### [Assignment]
Having located the line with "游學(xué)第一站,西安設", print it and each remaining line exactly, stopping at the end of the material and omitting pictures.

### Information shown ###

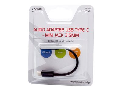 SAVIO AK-35/B - USB-C til hovedtelefon jackstikadapter - USB-C han til mini-phone stereo 3.5 mm hun - 12 cm - sort
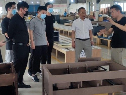 游學(xué)第一站,西安設(shè)計(jì)師團(tuán)隊(duì)一行首先參觀了LORBN勞賓?高明生產(chǎn)基地。高明生產(chǎn)基地是集“綠色、智能、精益”為一體的現(xiàn)代化智能工廠,擁有行業(yè)先進(jìn)的生產(chǎn)設(shè)備、綠色的自動(dòng)化生產(chǎn)線和嚴(yán)格的質(zhì)量檢測標(biāo)準(zhǔn)。設(shè)計(jì)團(tuán)隊(duì)在LORBN董事長李睿等領(lǐng)導(dǎo)人員的帶領(lǐng)下,近距離感受了浴室柜的生產(chǎn)原理及工藝設(shè)備。
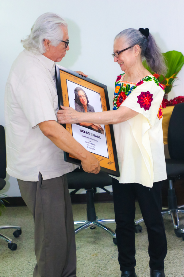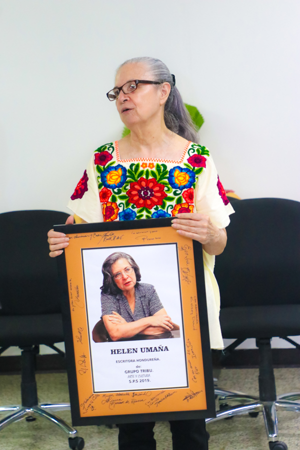 La ilustre dama de las letras recibió honores en la velada Laureles: homenaje a artistas en San Pedro Sula y en honor al polígrafo Rafael Heliodoro Valle.

###

### [Finished task]
 游學(xué)第一站,西安設(shè)計(jì)師團(tuán)隊(duì)一行首先參觀了LORBN勞賓?高明生產(chǎn)基地。高明生產(chǎn)基地是集“綠色、智能、精益”為一體的現(xiàn)代化智能工廠,擁有行業(yè)先進(jìn)的生產(chǎn)設(shè)備、綠色的自動(dòng)化生產(chǎn)線和嚴(yán)格的質(zhì)量檢測標(biāo)準(zhǔn)。設(shè)計(jì)團(tuán)隊(duì)在LORBN董事長李睿等領(lǐng)導(dǎo)人員的帶領(lǐng)下,近距離感受了浴室柜的生產(chǎn)原理及工藝設(shè)備。
 La ilustre dama de las letras recibió honores en la velada Laureles: homenaje a artistas en San Pedro Sula y en honor al polígrafo Rafael Heliodoro Valle.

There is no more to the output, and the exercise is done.